Game 8 - 2009 @ Seattle

You just got to love rookie NFL football players.

Especially when your team is playing a lot of them. In the NFL every player makes mistakes, every team makes mistakes, and the general consensus is that the Vet players have learned from most of those mistakes and therefor make fewer of them. (Same goes for the coaching staff). Many games come down to the team who's players made the fewer mistakes, or at least fewer of the mistakes that actually affect the outcome of the game. Some would say that every mistake affects the outcome of the game, but that isn't always the case.

For example. Jason Hanson misses a chip shot field goal. The very next play by Seattle turns the ball over to the Lions, and the Lions are even closer to the end zone, and the Lions then turn it into a touchdown. Would the Lions have gotten those 7 points on top of the 3 points should the field goal have gone through? No way to know (short of a visit to an alternate universe). They certainly wouldn't have another set of downs with that great field position (most likely anyway), so you have to believe that no, the field goal would've produced only 3 points and the miss allowed the team to (eventually) get 7 points instead.

What I'm getting at is in this game the rookies Delmas, Levy, Hill, Williams, Brown, and Pettigrew all managed to greatly reduce their number of mistakes and play a fairly decent game (for the parts they played in it). Stafford however, did not.

The team played well enough (and that includes the good things Stafford did) to overcome 4 interceptions, but the 5th one was one too many. Does that mean the last one was the worst one? Maybe. But any of the others may also have netted a score (eventually) and changed the outcome of the game. It's also possible in an alternate universe you would find that with zero interceptions the Lions would've still lost. Who knows (for sure).

The whole team needed to make fewer mistakes in every game they've played this year, and in this game many players did make fewer mistakes (the receivers actually caught the ball for the most part), but one key player made a bunch of rookie mistakes, and that contributed (in this universe) greatly to the loss.

This loss only matters if Stafford learns from it. If he does not, it was a gigantic waste of time (and money). But if he becomes a better QB for it, if when he is the vet player those things don't happen, then it's worth it... because the wins the Lions aren't getting this year wouldn't have taken them to the playoffs anyway. They weren't going to get enough of them. But the learning the rookies are doing is VERY important. Painful, but needed.

Despite it all, the Lions were 2 minutes and 1 TD away from winning this game against a bunch of veteran players on their home field. Our rookie QB did manage to throw the TD, just to the wrong player on the wrong team. Please let him learn from it.

That's all you can do when you play this many rookies at once, hope they learn from it. Hope that when they become Vet players, they won't make all the same mistakes all the time.
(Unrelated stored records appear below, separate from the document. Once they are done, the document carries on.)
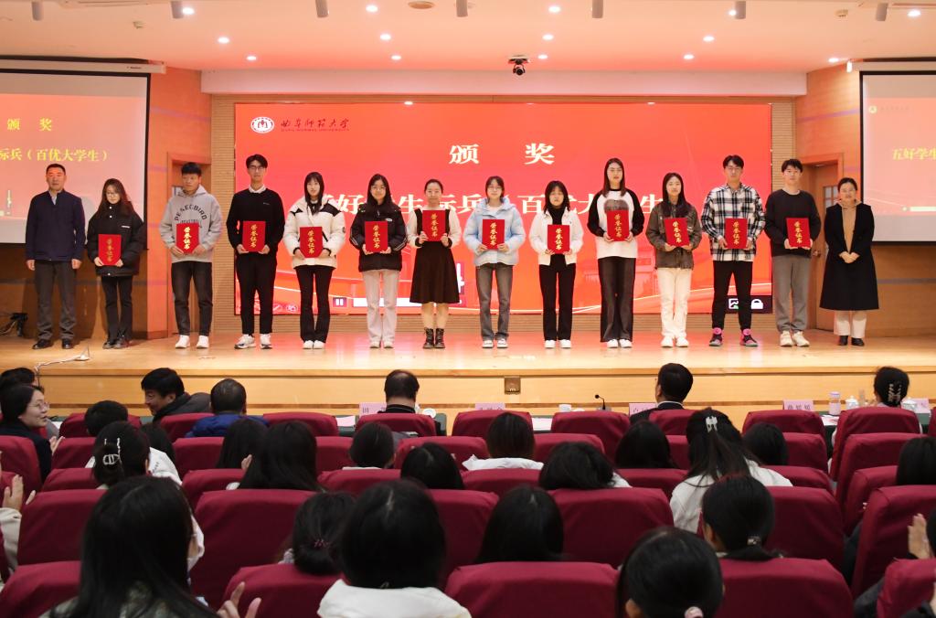 第二阶段举行了颁奖典礼。张洪海与曲阜校区获得校长奖学金的学生合影;卢国强和姜美颖分别在两校区为10名校长奖学金获得者颁发了奖杯和“十佳大学生”证书;各学院党委副书记为两校区共100名学生颁发了“百优大学生”证书。
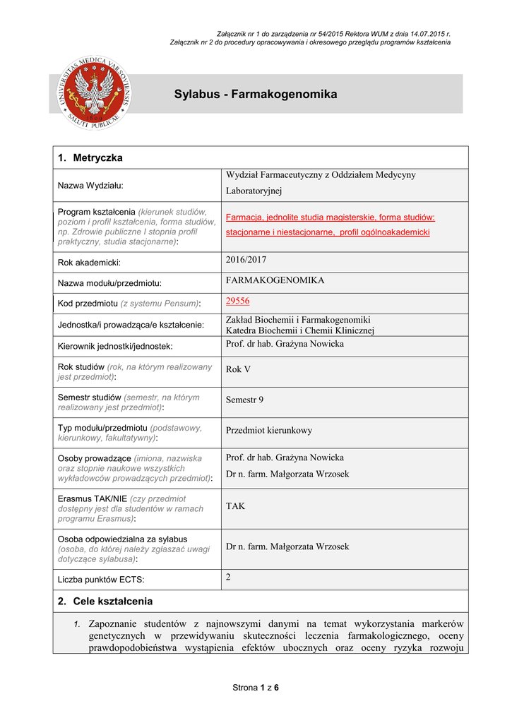 Załącznik nr 1 do zarządzenia nr 54/2015 Rektora WUM z dnia 14.07.2015 r. Załącznik nr 2 do procedury opracowywania i okresowego przeglądu programów kształcenia Sylabus - Farmakogenomika 1. Metryczka Wydział Farmaceutyczny z Oddziałem Medycyny Nazwa Wydziału: Program kształcenia (kierunek studiów, poziom i profil kształcenia, forma studiów, np. Zdrowie publiczne I stopnia profil praktyczny, studia stacjonarne): Laboratoryjnej Farmacja, jednolite studia magisterskie, forma studiów: stacjonarne i niestacjonarne, profil ogólnoakademicki Rok akademicki: 2016/2017 Nazwa modułu/przedmiotu: FARMAKOGENOMIKA Kod przedmiotu (z systemu Pensum): 29556 Jednostka/i prowadząca/e kształcenie: Kierownik jednostki/jednostek: Zakład Biochemii i Farmakogenomiki Katedra Biochemii i Chemii Klinicznej Prof. dr hab. Grażyna Nowicka Rok studiów (rok, na którym realizowany jest przedmiot): Rok V Semestr studiów (semestr, na którym realizowany jest przedmiot): Semestr 9 Typ modułu/przedmiotu (podstawowy, kierunkowy, fakultatywny): Przedmiot kierunkowy Osoby prowadzące (imiona, nazwiska oraz stopnie naukowe wszystkich wykładowców prowadzących przedmiot): Prof. dr hab. Grażyna Nowicka Dr n. farm. Małgorzata Wrzosek Erasmus TAK/NIE (czy przedmiot dostępny jest dla studentów w ramach programu Erasmus): TAK Osoba odpowiedzialna za sylabus (osoba, do której należy zgłaszać uwagi dotyczące sylabusa): Dr n. farm. Małgorzata Wrzosek Liczba punktów ECTS: 2 2. Cele kształcenia 1. Zapoznanie studentów z najnowszymi danymi na temat wykorzystania markerów genetycznych w przewidywaniu skuteczności leczenia farmakologicznego, oceny prawdopodobieństwa wystąpienia efektów ubocznych oraz oceny ryzyka rozwoju Strona 1 z 6 Załącznik nr 1 do zarządzenia nr 54/2015 Rektora WUM z dnia 14.07.2015 r. Załącznik nr 2 do procedury opracowywania i okresowego przeglądu programów kształcenia procesów patologicznych 2. Wykształcenie umiejętności posługiwania się markerami genetycznymi i korzystania z nowych danych naukowych określających ich użyteczność w praktyce klinicznej 3. Kształtowanie zdolności do twórczego rozwiązywania problemów w oparciu o nowoczesne narzędzia badawcze z zakresu genomiki 4. Kształtowanie umiejętności interpretacji nowych danych naukowych z zakresu farmakogenomiki poprzez przygotowywanie prezentacji opartych na wynikach badań naukowych oraz umiejętności stawiania nowych pytań i szukania odpowiedzi poprzez przygotowywanie programów badawczych 3. Wymagania wstępne 1. Zna mechanizmy metabolizmu leków. 2. Zna mechanizmy regulacji procesów metabolicznych i ich modyfikacji przez środki farmakologiczne 3. Zna główne czynniki wpływające na właściwości farmakokinetyczne i farmakodynamiczne leków 4. Zna patogenezę chorób występujących z dużą częstością oraz zasady ich leczenia 5. Zna podstawy genetyki oraz genetycznego zróżnicowania populacji 6. Zna podstawowe metody stosowane w badaniach genetycznych. 4. Przedmiotowe efekty kształcenia Lista efektów kształcenia Symbol przedmiotowego efektu kształcenia Symbol tworzony przez osobę wypełniającą sylabus (kategoria: W-wiedza, U-umiejętności, K-kompetencje oraz numer efektu) Treść przedmiotowego efektu kształcenia Odniesienie do efektu kierunkowego (numer) Efekty kształcenia określają co student powinien wiedzieć, rozumieć i być zdolny wykonać po zakończeniu zajęć. Efekty kształcenia wynikają z celów danego przedmiotu. Osiągniecie każdego z efektów powinno być zweryfikowane, aby student uzyskał zaliczenie. Numer kierunkowego efektu kształcenia zawarty w Rozporządzeniu Ministra Nauki bądź Uchwały Senatu WUM właściwego kierunku studiów. W1 Wymienia udokumentowane w dotychczasowych badaniach farmakogenomicznych warianty genetyczne istotne w ocenie skuteczności i bezpieczeństwa terapii farmakologicznej D.W.14 W2 Wymienia wynikające z dotychczasowych badań farmakogenomicznych wskazania i przeciwwskazania do stosowania określonych leków D.W.19 W3 Przedstawia zasady indywidualizacji farmakoterapii uwzględniające różnice w działaniu leków spowodowane czynnikami E.W.12 Strona 2 z 6 Załącznik nr 1 do zarządzenia nr 54/2015 Rektora WUM z dnia 14.07.2015 r. Załącznik nr 2 do procedury opracowywania i okresowego przeglądu programów kształcenia genetycznymi U1. Uzasadnia wpływ czynników genetycznych na skuteczność i bezpieczeństwo leków oraz konieczność zmian dawkowania leku u indywidualnego chorego w zależności od czynników genetycznych D.U.7, D.U10 U2 Przewiduje wystąpienie działania niepożądanego leku w oparciu o badania genetyczne D.U48 U3 Interpretuje wyniki badań farmakogenomicznych E.U.55 5. Formy prowadzonych zajęć Liczba grup Minimalna liczba osób w grupie Forma Liczba godzin Wykład 10 nieobowiązkowe Seminarium 20 nieobowiązkowe nieobowiązkowe Ćwiczenia 6. Tematy zajęć i treści kształcenia W1. Indywidualizacja działań terapeutycznych-miejsce farmakogenomiki. Markery genetyczne w ocenie ryzyka chorób oraz przewidywaniu skuteczności i bezpieczeństwa terapii (W1) W2. Farmakogenomika w chorobach układu krążenia (W1, W2, W3) W3. Farmakogenomika w leczeniu zaburzeń gospodarki lipidowej i węglowodanowej (W1, W2, W3) W4. Farmakogenomika w leczeniu chorób nowotworowych (W1, W2, W3) W5. Farmakogenomika a Nutrigenomika. Zastosowanie badań genetycznych w ocenie interakcji między lekami a żywnością oraz ich wpływie na skuteczność i bezpieczeństwo terapii (W3, U1) S1. Farmakogenetyka i farmakogenomika – podstawy, zasady, perspektywy. Diagnoza genetyczna a terapia (U1, U2) S2. Narzędzia farmakogenomiki – technologie, metody badawcze, metody statystyczne (W3, U3). Wykrywanie i pomiar zmienności genetycznej, narzędzia skriningowe i diagnostyczne S3. Farmakogenomika w psychiatrii w świetle danych z piśmiennictwa światowego (W1,W2,U1,U2) S4. Najnowsze badania z zakresu farmakogenomiki – pr
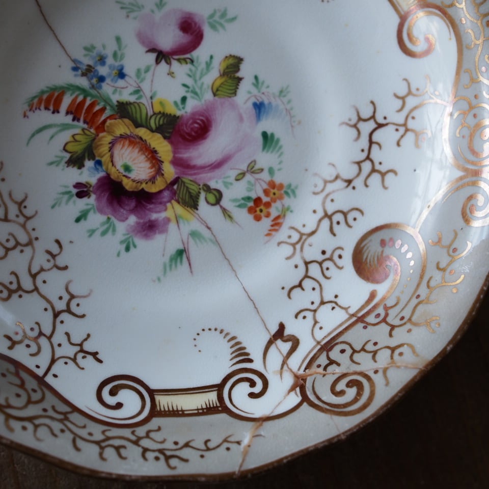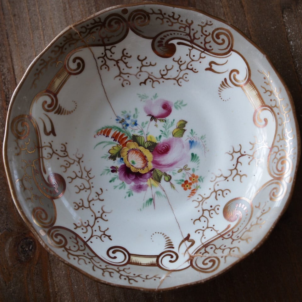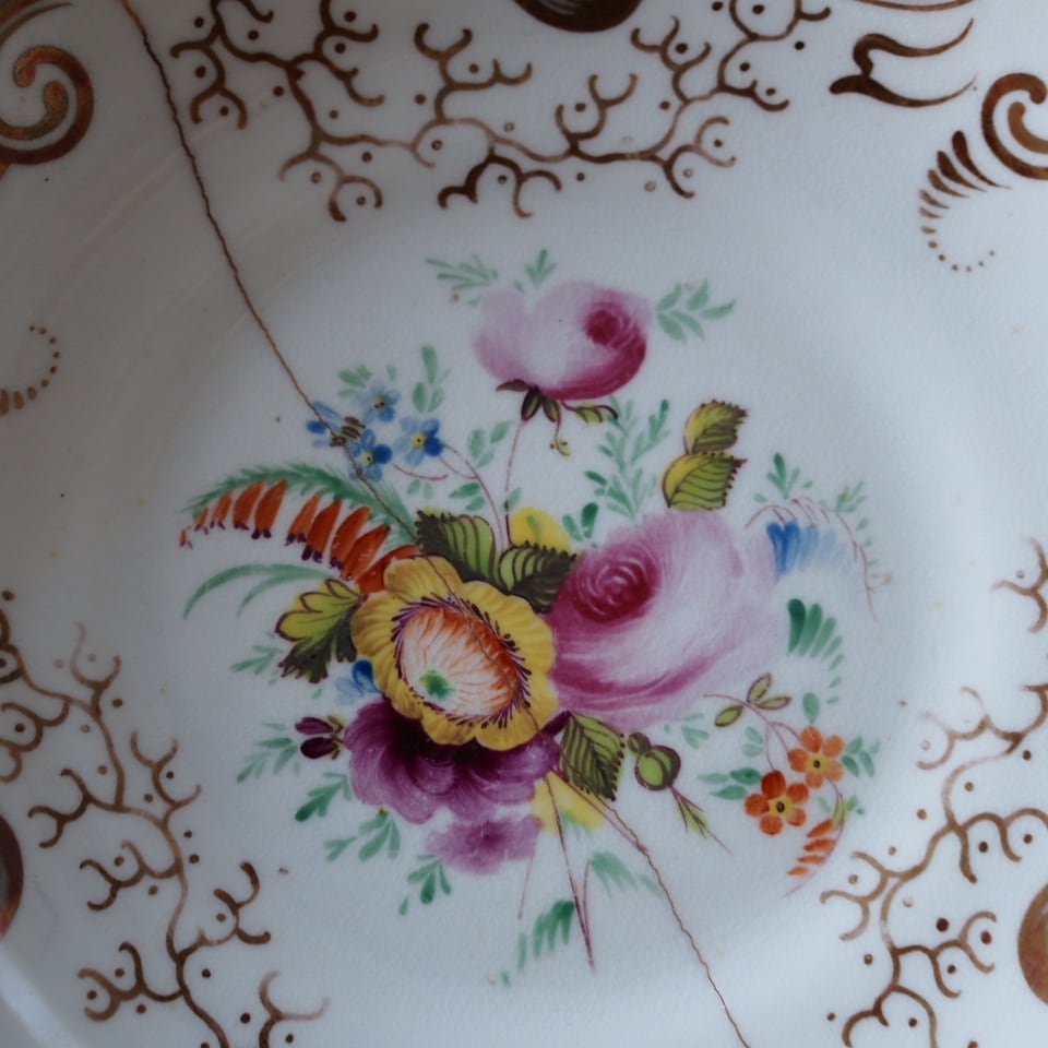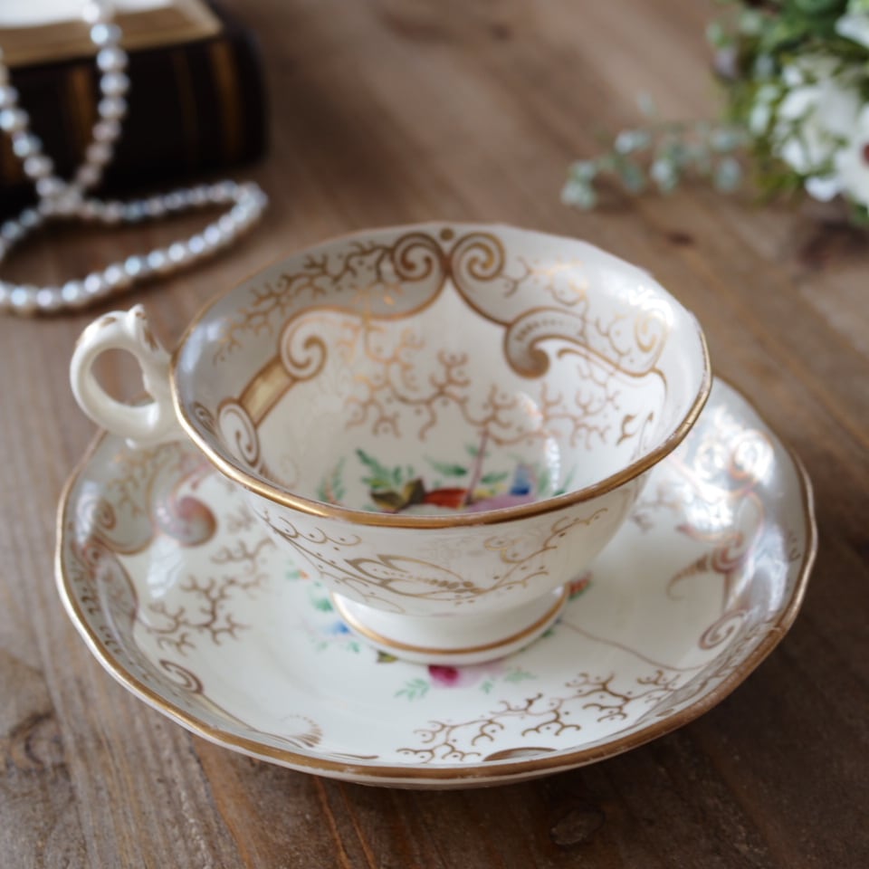 繊細な金彩スクロール装飾と、中央に描かれた可憐な花束文様が美しく、19世紀英国磁器らしい気品あふれる佇まいが魅力です。
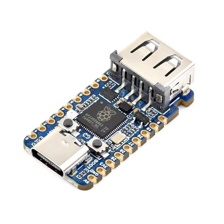 1. It uses the RP2350A microcontroller chip designed by Raspberry Pi.
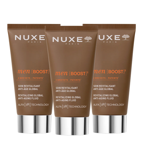 NUXE Men [BOOST]³, die professionelle Pflegeserie, die eine Kombination bietet aus Wirkkraft und Sinnlichkeit, um das volle Potenzial Ihrer Haut zum Vorschein zu bringen. Angereichert mit einem patentierten Eschenrinden-Oleo-Extrakt. Zudem sorgt die ALFA [3R]-TECHNOLOGIE⁽¹⁾, die wirksamer ist als Retinol⁽²⁾ für revitalisierte, regenerierte und rundum erneuerte Haut.
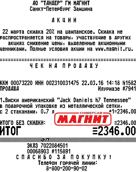 Так, например, чек магазина Магнит бывает необходим людям, находящимся в командировке. Если приобрести сам чек, но не делать покупку, то можно добиться компенсации полной суммы покупки у работодателя, потратив на приобретение чека сравнительно небольшие деньги. Такой возможностью пользуются многие люди. Продукты можно приобрести в более дешевом магазине и на меньшую сумму. Номер чека Ашан не имеет большого значения в таком случае, ведь его могут проверить только работники самого магазина, а на практике никто этого делать не будет.
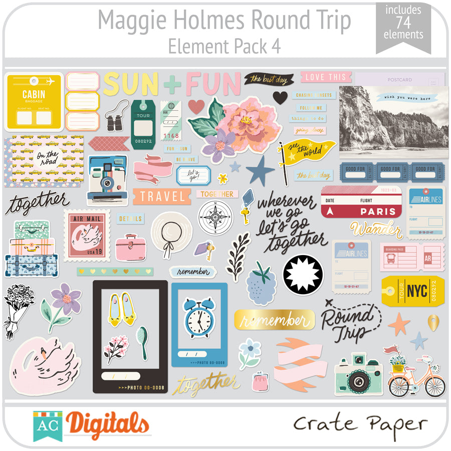 Maggie Holmes Round Trip is an everyday collection for the world traveler at heart! It features lots of darling travel icons to help you collect your memories whether near or far. I know we are not all back to traveling yet, but if you are like me, you have plenty of photos from previous vacations that haven't been properly documented yet. This new collection of products is perfect for pulling out those images and making some scrapbook pages or a cute mini album!
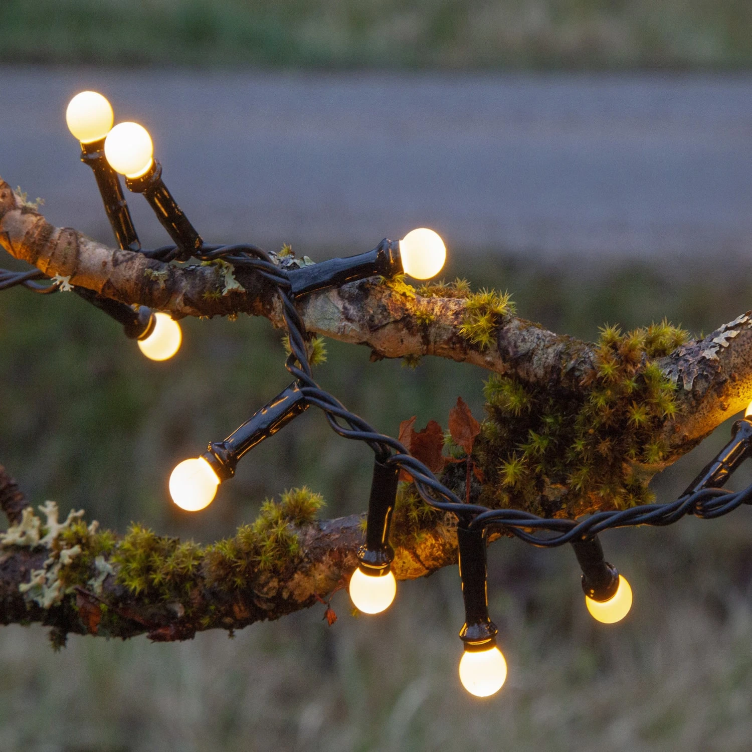 Die LED Lichterkette mit den opalen Kugeln, ist die perfekte Dekoration für Deinen Garten, Deinen Balkon oder Deine Terrasse. Aber auch in der Wohnung ist die Lichterkette ein absoluter Blickfang. Mit dem warmweißen Licht leuchten die weißen Kugeln besonders schön.

Hope you will have a good group of vets so you don't have to play as many rookies. Unfortunately, we fans get to have the fun of waiting the time out in this universe to get to that future.

New coaching, new schemes, new players, new rookies starting, all on the 2008 worst team of the league. You can't really have expected instant success. It's a recipe for ups and downs. And that is why you have to love watching rookie NFL players play (and hopefully learn)... it's how you (re)build a team. it's the only way to get there from here. It sure beats not playing them at all.

4 comments:

Unknown said...

I have no complaints... The rookies need to play, the Marinelli Lions never played their kids, but this season I've seen Stafford, Pettigrew, Delmas, Levy, Hill and Follet make some plays. That's a great start, I just never expected a team with over 50% roster turnover playing that many kids to win many games, I have an eye on future seasons, and these rookies giving it their all is a great start in my opinion. Unfortunately for us Lions fans, we have to realize that this is basically an expansion year, starting from scratch...

flaco said...

Stop using so many parentheticals. It's distracting.

Drake Dimitry said...

I'd agree..no matter how good rookies are, they are mismatched when the mental game matters: towards the second half. So, what you gonna do? They do need to foster that team spirit and comradery tho--brotherly luv, believe or not will be the magic to take them to the endzone. Oh yes, brothers, believe it!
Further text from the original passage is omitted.